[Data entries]
----------------------------------------
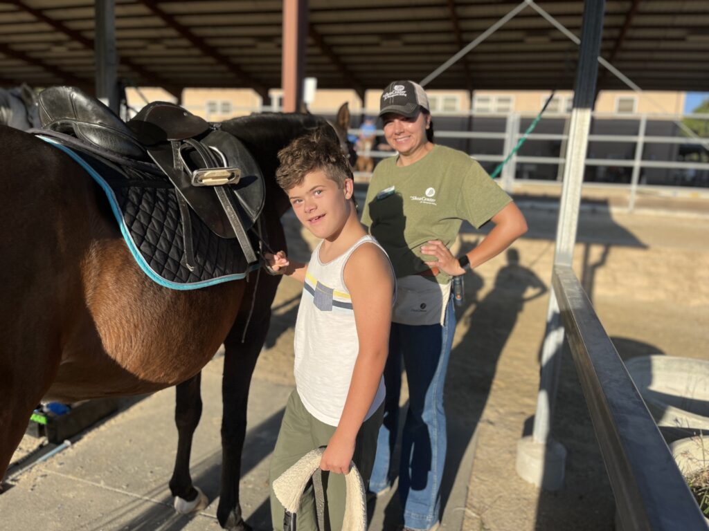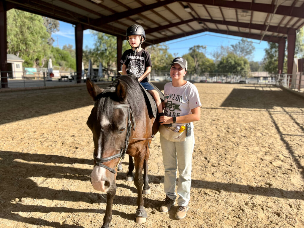 Growing up in Corona, CA, I rode horses and taught horseback riding lessons. I have always loved working with kids and horses, which led me to volunteer at a hippotherapy facility while in high school and college. During that experience, I found my love for occupational therapy, specifically hippotherapy.”
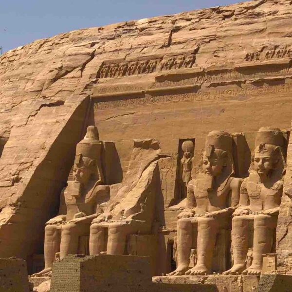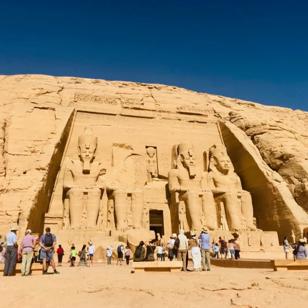 - Drive south through the desert (approx. 3–4 hours) to reach Abu Simbel.
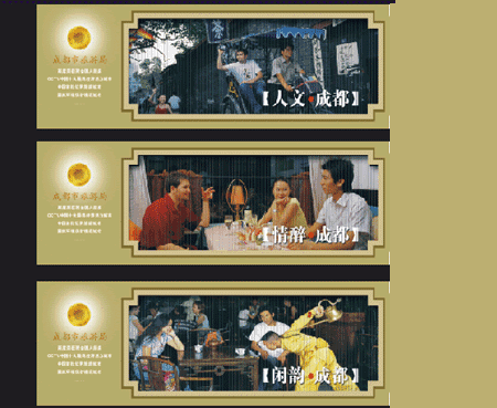 1.最完整全面地含概了各種有代表性的成都元素,實現(xiàn)了完全意義上的優(yōu)化組合,而且通過主畫面構圖凸現(xiàn)了各個不同的宣傳主題。
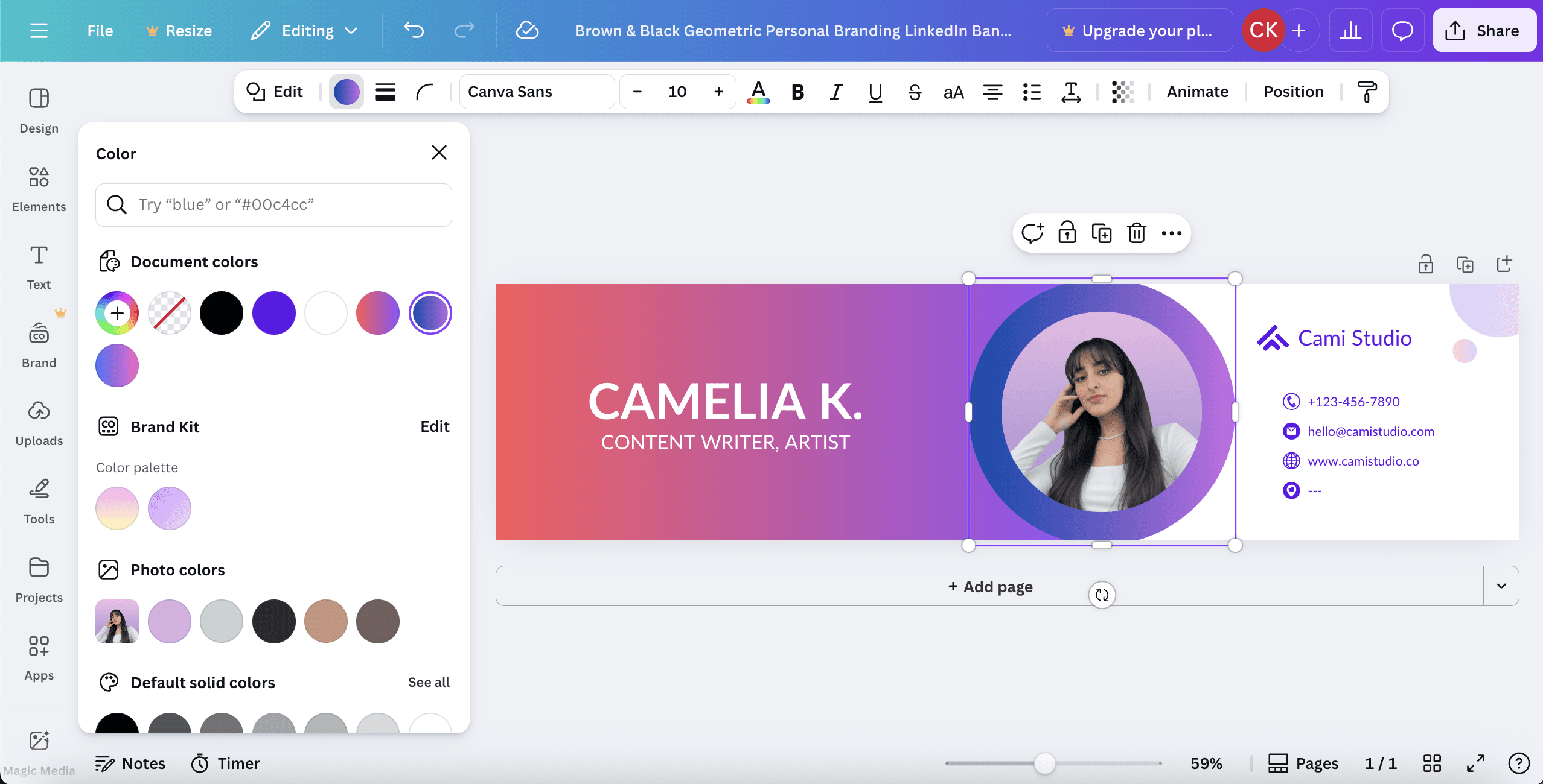 You can change your photo, name, design shapes, text, add a logo or call-to-action, and choose from many colors using the gradient option.
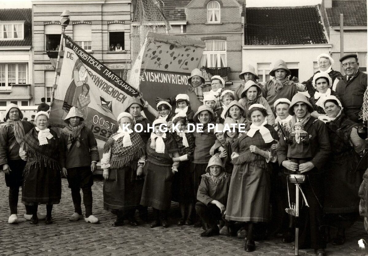 Formaat : 18 x 13.Groepsfoto "De Vismijnvrienden", met hun vlag. " Gesticht op 4 april 1927. Het eerste bestuur bestond uit volgende stichters : Albert Lanoye (voorzitter), Jules Dennekijn (secretaris) en Frans Verbanck (schatbewaarder)." Het eenig doel der maatschappij is het inrichten van feesten en omhalingen ten voordeele der visschers, de huisgezinnen van de slachtoffers der zeerampen en hulp aan behoeftige visschersfamilies te Oostende in werkelijken nood verkeerend.
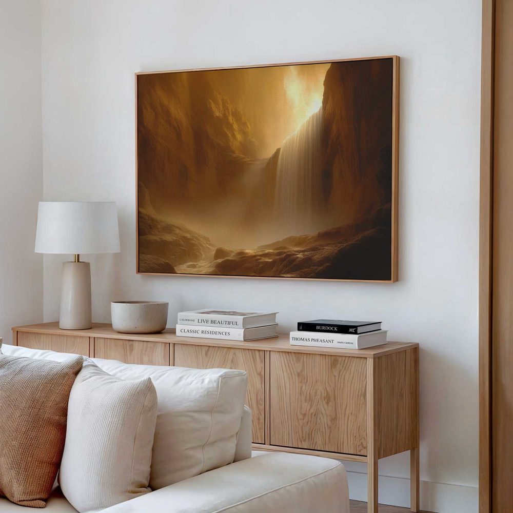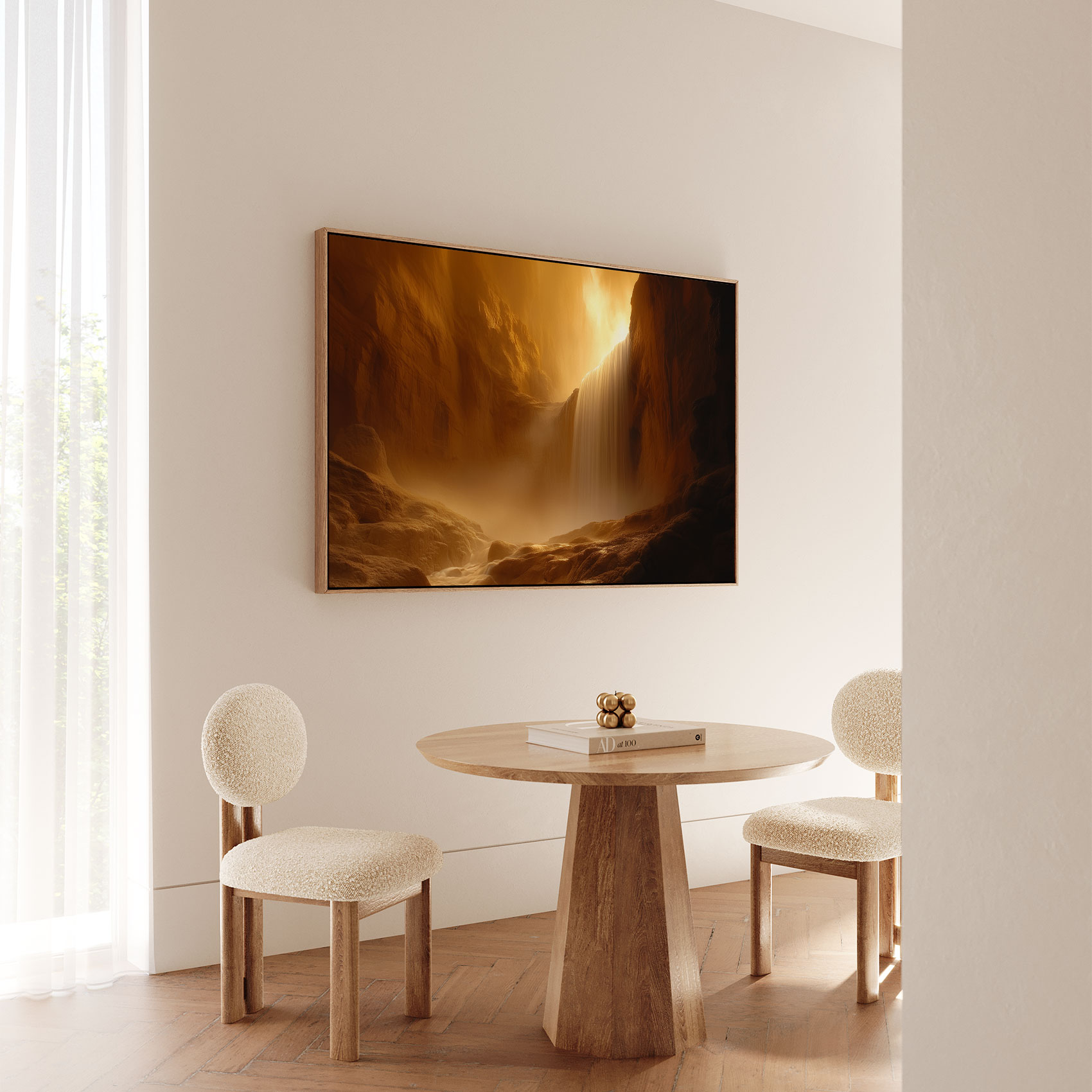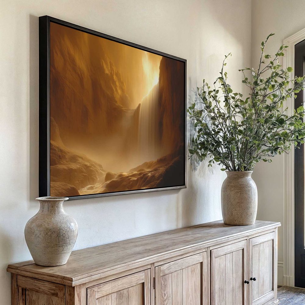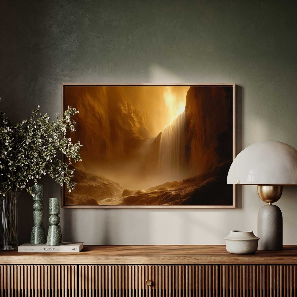 Terug naar collectie / Schilderijen / Bergen Schilderij / Dramatische waterval in oranje gloed
----------------------------------------
No picture is to be printed. Output exactly the lines above from the line containing "1.最完整全面地含概了各種有" through the line containing "You can change".

> _Finished task_:
 1.最完整全面地含概了各種有代表性的成都元素,實現(xiàn)了完全意義上的優(yōu)化組合,而且通過主畫面構圖凸現(xiàn)了各個不同的宣傳主題。
 You can change your photo, name, design shapes, text, add a logo or call-to-action, and choose from many colors using the gradient option.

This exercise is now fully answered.